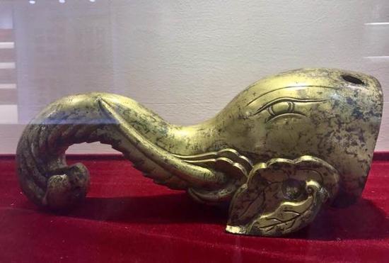 这次展览中,最为引人注目的展品是一尊鎏金铜象首。这是2014年考古队在发掘大宫门河道周边文物时,于河底淤泥中无意发现的。当这个泥疙瘩被送进实验室,经半个月清洗后,才露出了自己的“真容”。象首上有长而卷的鼻子、长牙、大耳,制作工艺考究,整体造型精巧,线条流畅自然,神态安详逼真,虽饱经风霜荡涤,但在灯光下依旧金光闪耀。
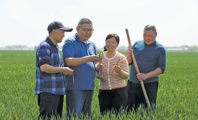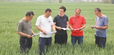 蘇丹(中)在指導(dǎo)村民進行小麥揚花期田間管理。本報記者 原韜雄攝
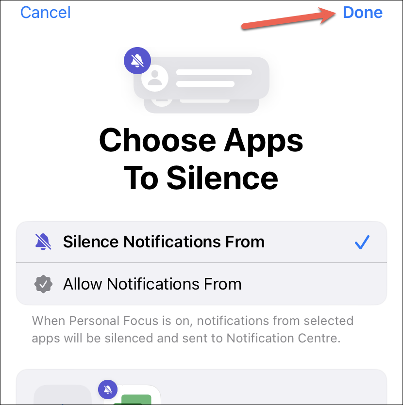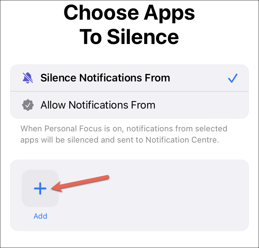 Tap ‘Add’ and select the apps you want to add to the silence list. Notifications from selected apps will go straight to the notification centre when this particular Focus is on.
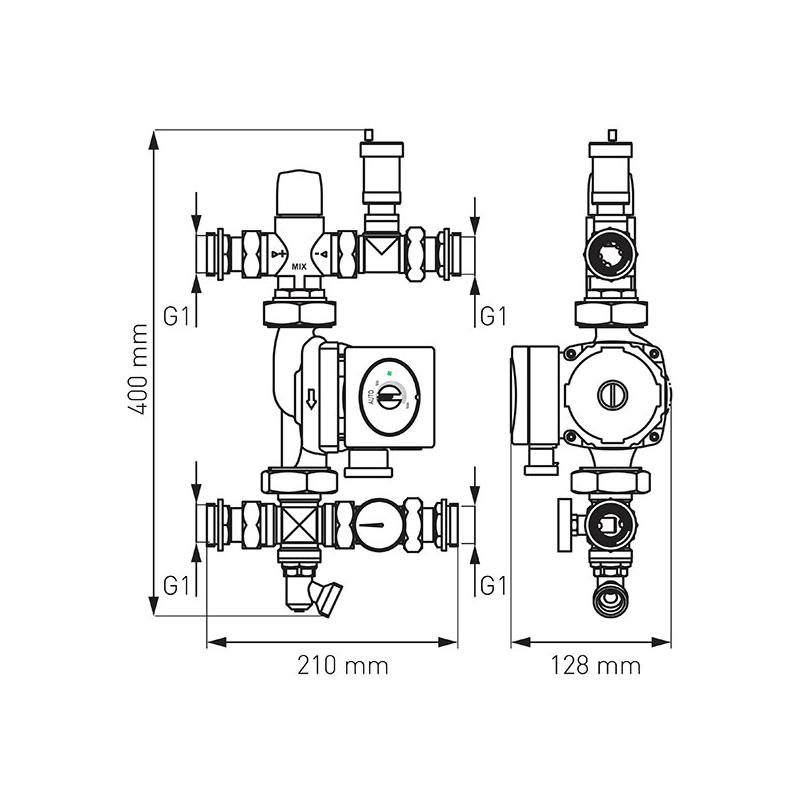 Grupul de amestec cu doua functii serveste la scaderea si mentinerea temperaturii dorite a lichidului de incalzire in sistemul de incalzire in pardoseala si la conectarea acestuia la o instalatie de radiatoare cu o temperatura inalta.
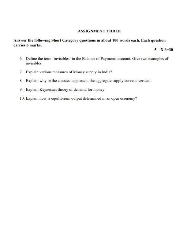 Title : BECC 133 : Principles of Macroeconomics-I Solved Assignment 2025-2026
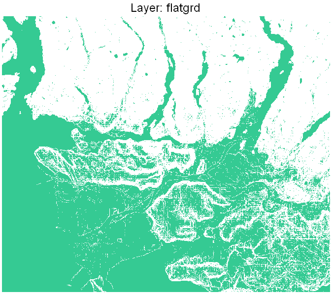 These are surfaces representing aspect (in degrees) and slope (in degrees). They are then reclassified using the module RECLASS, to find areas that satisfy the requirements (south facing and less than 2.5 degrees, respectively)
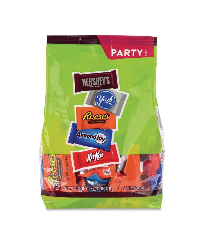 A stand-up bag assortment of snack-sized Hershey®'s Mini Milk Chocolate Bars, York® Dark Chocolate Peppermint Patties, Reese's® Peanut Butter Cups, Almond Joy®s, and Milk Chocolate Kit Kats®. Whether you're in the mood for minty dark chocolate, crispy milk chocolate wafers, peanut butter or just pure chocolate this bag has something for everyone. Bring to your next holiday party or pack in the kids' lunches for a surprise they'll love!
****************
Everything from the first line of the listing above through the line that contains "Tap ‘Add’ and" is to be restated word for word, minus the pictures.

* Reply *
 这次展览中,最为引人注目的展品是一尊鎏金铜象首。这是2014年考古队在发掘大宫门河道周边文物时,于河底淤泥中无意发现的。当这个泥疙瘩被送进实验室,经半个月清洗后,才露出了自己的“真容”。象首上有长而卷的鼻子、长牙、大耳,制作工艺考究,整体造型精巧,线条流畅自然,神态安详逼真,虽饱经风霜荡涤,但在灯光下依旧金光闪耀。
 蘇丹(中)在指導(dǎo)村民進行小麥揚花期田間管理。本報記者 原韜雄攝
 Tap ‘Add’ and select the apps you want to add to the silence list. Notifications from selected apps will go straight to the notification centre when this particular Focus is on.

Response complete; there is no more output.